Data extract

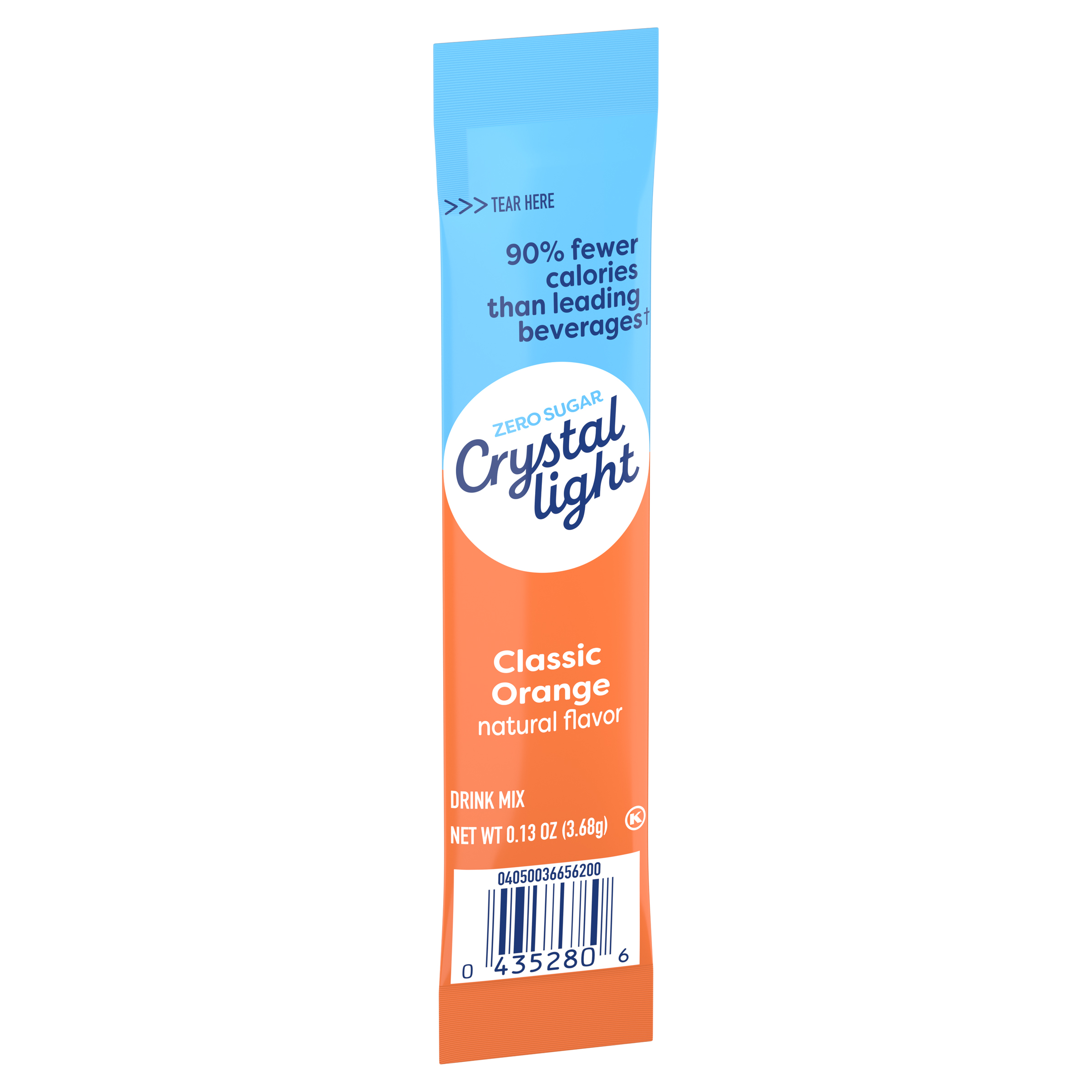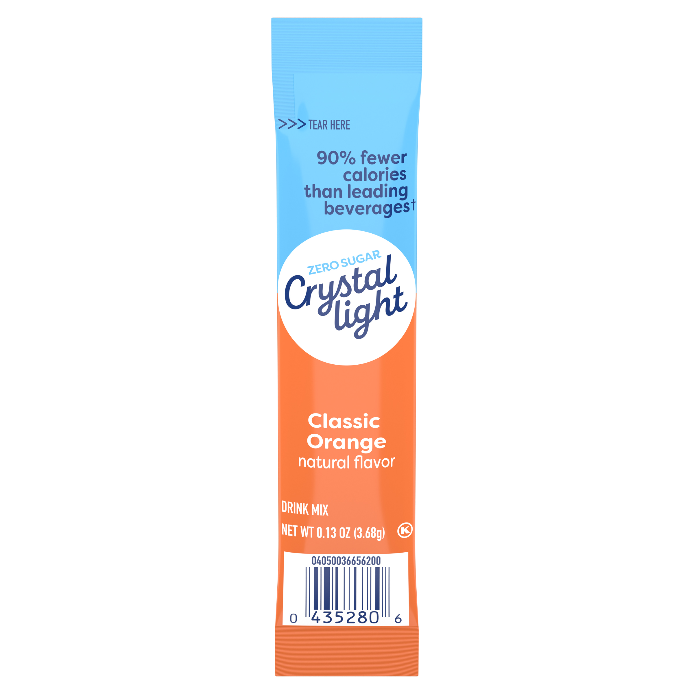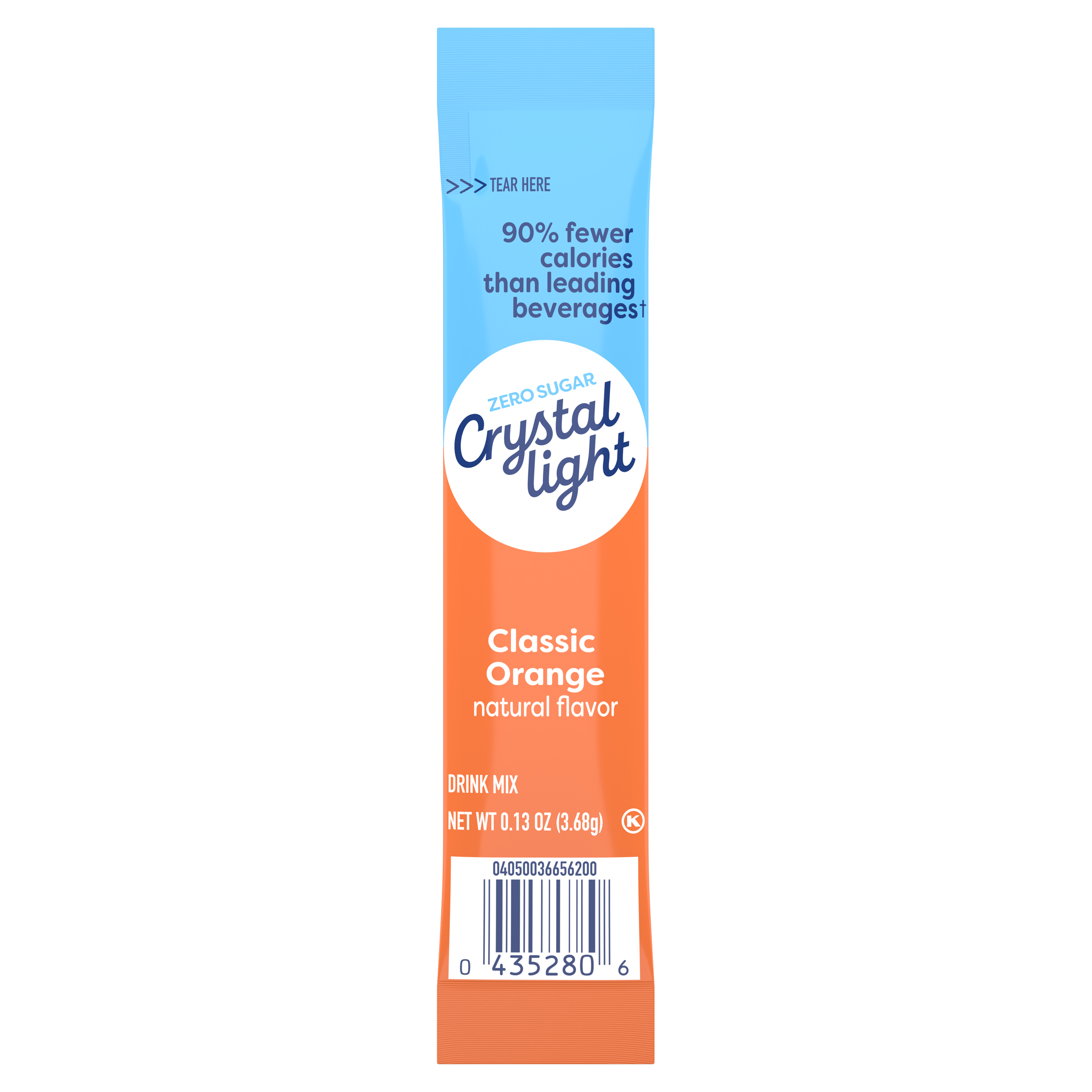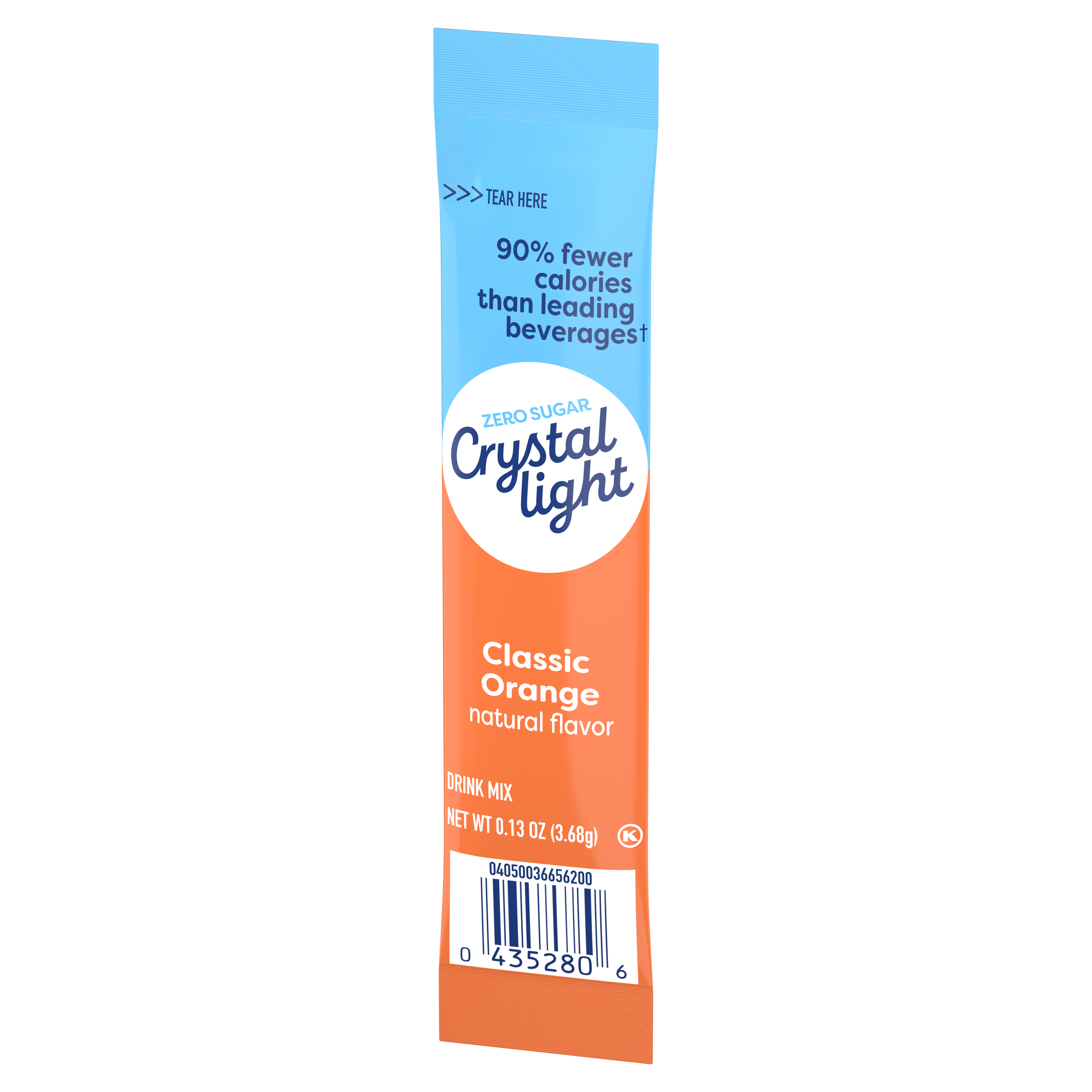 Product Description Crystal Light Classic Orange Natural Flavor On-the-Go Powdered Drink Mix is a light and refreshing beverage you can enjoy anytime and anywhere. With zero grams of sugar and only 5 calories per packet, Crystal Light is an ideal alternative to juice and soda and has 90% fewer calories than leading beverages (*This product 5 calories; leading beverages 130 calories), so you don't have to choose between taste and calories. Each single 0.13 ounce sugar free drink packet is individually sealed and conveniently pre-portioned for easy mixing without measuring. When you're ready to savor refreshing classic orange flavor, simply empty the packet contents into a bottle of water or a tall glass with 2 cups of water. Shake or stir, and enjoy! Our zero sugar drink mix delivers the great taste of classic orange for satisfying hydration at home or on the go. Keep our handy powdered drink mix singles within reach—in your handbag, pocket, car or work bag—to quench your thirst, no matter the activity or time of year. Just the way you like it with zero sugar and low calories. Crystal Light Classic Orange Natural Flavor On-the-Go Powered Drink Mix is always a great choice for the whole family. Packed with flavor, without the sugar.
...
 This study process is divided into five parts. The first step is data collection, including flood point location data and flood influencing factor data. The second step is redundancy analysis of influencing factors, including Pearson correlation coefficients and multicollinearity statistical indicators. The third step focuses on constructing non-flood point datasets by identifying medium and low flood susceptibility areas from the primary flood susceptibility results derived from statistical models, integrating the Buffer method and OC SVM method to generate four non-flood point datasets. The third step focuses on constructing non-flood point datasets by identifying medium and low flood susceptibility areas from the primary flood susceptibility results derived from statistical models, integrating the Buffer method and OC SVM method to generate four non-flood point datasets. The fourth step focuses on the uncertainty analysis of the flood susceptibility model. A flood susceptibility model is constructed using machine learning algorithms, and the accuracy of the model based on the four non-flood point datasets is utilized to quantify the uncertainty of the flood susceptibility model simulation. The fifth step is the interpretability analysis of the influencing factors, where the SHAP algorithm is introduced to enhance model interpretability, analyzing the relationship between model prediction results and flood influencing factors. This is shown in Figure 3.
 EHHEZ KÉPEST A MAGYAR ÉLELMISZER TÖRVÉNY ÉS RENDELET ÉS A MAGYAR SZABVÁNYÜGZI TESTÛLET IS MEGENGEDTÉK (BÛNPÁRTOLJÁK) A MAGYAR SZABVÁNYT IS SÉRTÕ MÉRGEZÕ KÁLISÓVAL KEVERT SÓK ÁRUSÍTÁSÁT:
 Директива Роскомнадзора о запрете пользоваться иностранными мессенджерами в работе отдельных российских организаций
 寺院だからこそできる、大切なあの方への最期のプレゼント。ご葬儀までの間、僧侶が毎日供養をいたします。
--
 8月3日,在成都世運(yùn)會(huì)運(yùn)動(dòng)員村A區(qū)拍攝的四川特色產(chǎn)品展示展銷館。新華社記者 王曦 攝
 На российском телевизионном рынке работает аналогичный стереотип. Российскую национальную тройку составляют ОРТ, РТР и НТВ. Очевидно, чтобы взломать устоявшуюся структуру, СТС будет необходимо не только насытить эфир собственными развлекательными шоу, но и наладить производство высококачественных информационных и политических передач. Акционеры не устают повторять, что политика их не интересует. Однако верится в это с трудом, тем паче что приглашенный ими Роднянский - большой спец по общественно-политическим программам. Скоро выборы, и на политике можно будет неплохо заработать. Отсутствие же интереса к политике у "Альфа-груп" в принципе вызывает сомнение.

The task
Take the line above containing "Директива Роскомнадзора о", the line containing "寺院だからこそできる、大切な", and all lines in between, and copy them exactly without anything else.

Response area
 Директива Роскомнадзора о запрете пользоваться иностранными мессенджерами в работе отдельных российских организаций
 寺院だからこそできる、大切なあの方への最期のプレゼント。ご葬儀までの間、僧侶が毎日供養をいたします。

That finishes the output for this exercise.